How to Support Friends Who Choose Not to Get Married

bride and bridesmaids with flowers

Yesterday was my anniversary. It’s been four years since I took my first grown up day off from work so that Michael and I could sneak off to City Hall and get married “for the insurance benefits.” And three years since our wedding, where we solidified our legal commitment with a ceremony that was so joyful it felt like being inside love’s mouth.

It’s an interesting thing being the first of your friends to get married. We were so young when we did it that Michael and I never felt any of the cultural pressures surrounding marriage that we talk about here so often. If anything, we experienced a little of the opposite from those who thought we might be too young (though luckily we didn’t get too much of that). And for a while, we were the only ones we knew who were even entertaining the idea of marriage, so the institution felt a little like it belonged to us exclusively. (Ok, and billions of other people across the globe too, but who’s counting?)

But these days my Facebook wall is blowing up with announcements of my former classmates getting engaged, getting married, having babies, and now I don’t feel like so much of an anomaly. And it’s kind of weird. If marriage used to feel like it belonged to just me, now it’s part of the collective conscious of my social group. And with the presence of social media, I feel like we are all aware of each other’s weddings and marriages in a way that wasn’t so ten or twenty years ago.

Which isn’t to say that this bothers me. It’s just peculiar in the way that it’s peculiar going from being an only child to being part of a big blended family. My frame of reference is off, but not necessarily in a bad way.

But I can tell it’s getting to my friends. You see, I might have gotten married at twenty-two, but I was definitely the odd man out. Most of my very best friends are men and women who aren’t sure that marriage is ever going to be the right choice for them. And now that they are hitting their mid-to-late twenties, they’re starting to feel the push. The “doesn’t it seem like everyone around me is getting married” push. And while I’ve always supported their choice to not pursue marriage, I’m a little afraid that by the very nature of my being married, I might represent that push too.

And part of the problem is, of course, that I don’t have a way, socially, to show my support for these friends. (Other than perhaps not setting them up on dates they don’t want to go on, or ever giving them the “One day it’ll be your turn” face.) I mean, there’s no “Congratulations for doing what feels right for you” party that comes with penis straws and tiaras.

And yet, it was my non-marrying friends who were the most supportive of Michael and me when we got engaged. (I think I called one of them up immediately following our engagement and breathlessly asked, “I’m engaged! That’s ok, right?!”) They threw parties in our honor just because, and they asked the world to celebrate for us. They served as our witnesses, our maid of honor, our best man.

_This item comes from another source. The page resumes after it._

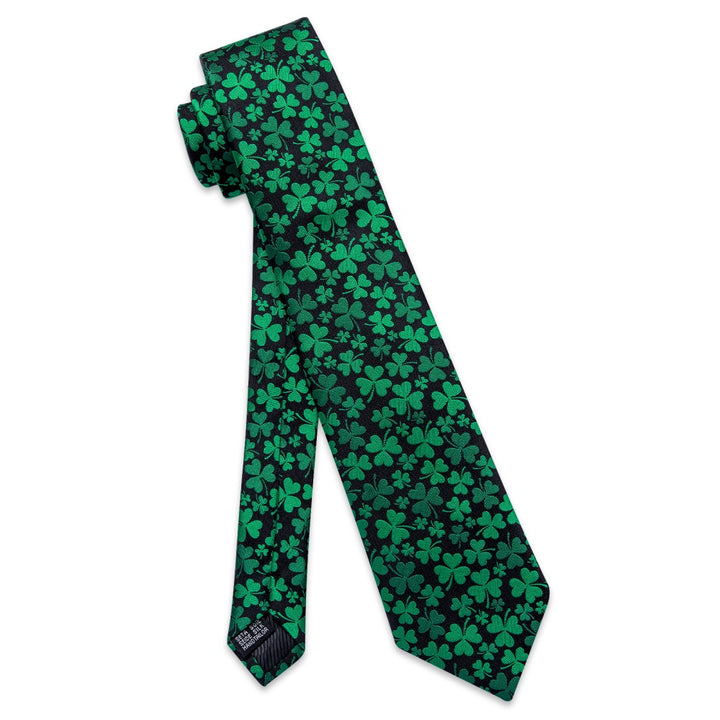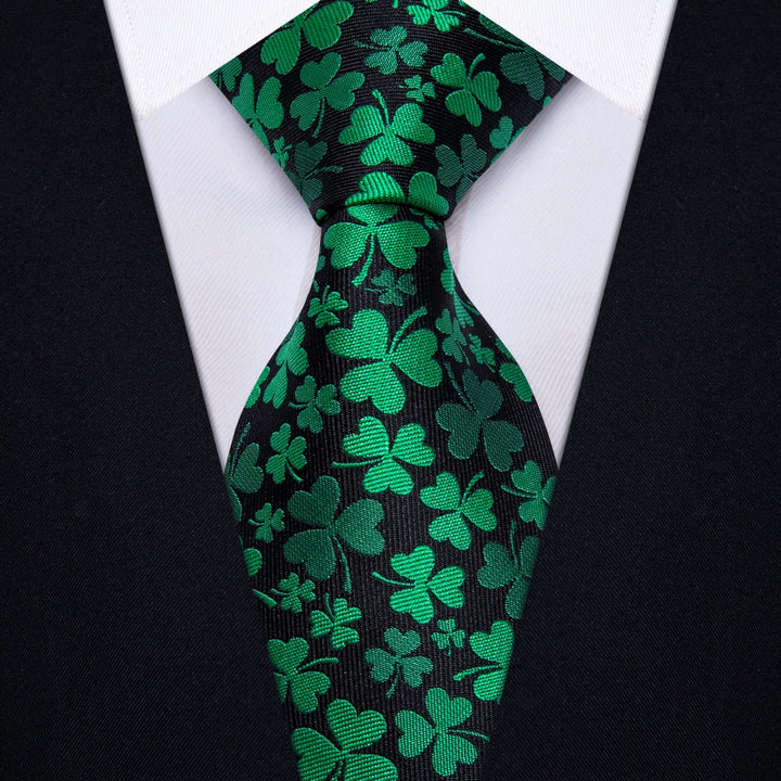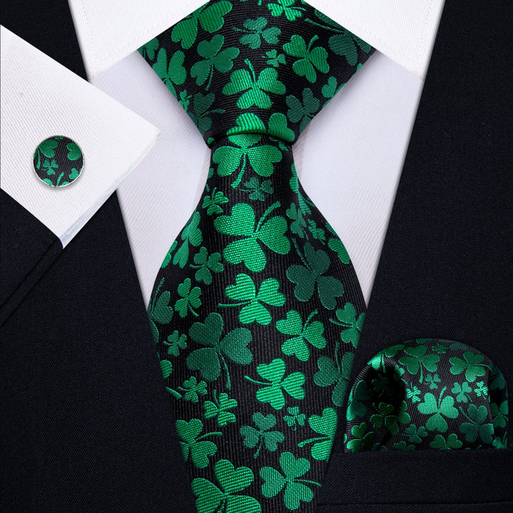 Ties2you Black Green Clover Botanical Men's Necktie Pocket Square Cufflinks Set
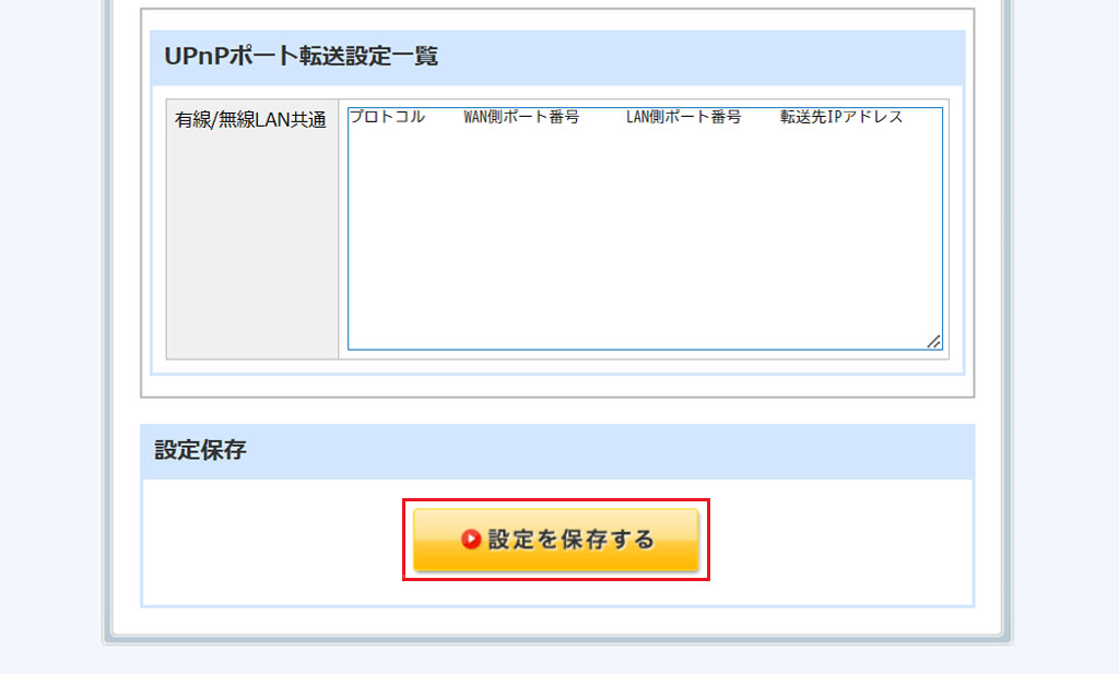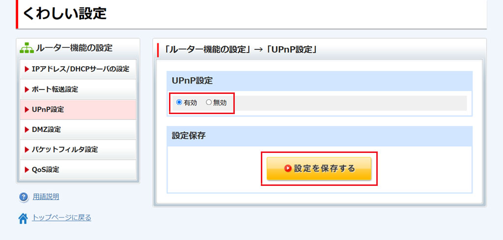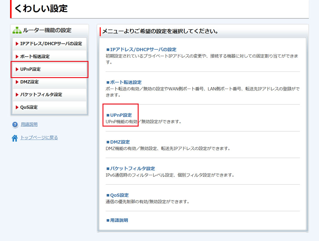 [UPnP設定]をクリックします。

And they cried harder than anyone else when we said our vows.

And while I’ve had countless opportunities to tell Michael how I feel about him these past four years, I haven’t had the chance (not publicly at least) to tell my non-marrying friends just how much their support means to me.

So today, the day after my anniversary, felt like an appropriate time to do so. And maybe, to return the favor.

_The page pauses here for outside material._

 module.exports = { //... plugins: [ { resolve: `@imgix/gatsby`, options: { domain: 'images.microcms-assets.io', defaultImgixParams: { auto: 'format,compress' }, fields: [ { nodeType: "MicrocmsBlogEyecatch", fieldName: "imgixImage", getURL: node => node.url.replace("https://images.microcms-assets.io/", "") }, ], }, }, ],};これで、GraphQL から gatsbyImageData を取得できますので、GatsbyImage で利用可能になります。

Dear Friends Who Think They May Never Want To Get Married,

First, let me say thank you. Thank you for supporting Michael and me over the past ten years, when we first started dating in high school, then when we decided to try a long-distance relationship in college, and then when we decided to get married at the oh-so-mature ages of twenty-two and twenty-five. You never tried to convince us that we wouldn’t succeed together, because you don’t buy into the bullshit that love should follow a set of rules, or that everyone has to follow the same path to happiness. And I love that. In fact, Michael and I never would have made it this far without you there reminding us how important it is to do what feels authentic to us.

I’d also like thank you for the incredible support you showed us during the grueling process of planning our wedding. Thank you for not hesitating for even a second when we called you up and asked if you’d play witness at our impromptu secret elopement. Thank you for saying yes when we asked you to be our best man and maid of honor, even though you hate wearing ties. Thank you for staying up until the wee hours of the morning making invitations with me, for an event celebrating an institution you’re not even sure you believe in, because even though you don’t believe in the institution, you believe in what Michael and I have together.

In the next few years, you might come under some fire for not “settling down.” I want you to know that I’m ready to call bullshit when it happens. I need you to know that I don’t think you ever need to get married, if marriage is not what you want for yourself. I promise never to treat you like you’ve failed at some test, or like you’re an incomplete person, just because you haven’t succumbed to monogamy. And I promise to stand up for you if my family, or your family, ever suggests that marriage might be the next logical step in your life (because it’s not, unless you want it to be).

And in the next few years, if the world tries to make you feel less proud of your accomplishments, because you’re still “missing” part of the equation? I. Will. Shut. That. Shit. Down.

And if you do one day choose to get married, for whatever reason, I promise not to treat you like I knew it was going to happen all along. Because that’s just obnoxious.

In short, I promise to support you in all the ways that you’ve supported me, and to do it without question.

And if you ever call me at six o’clock in the evening on a Wednesday and ask me to buy up thirty pashmina scarves and take them on a flight to Maine for you, I won’t even bat an eyelash.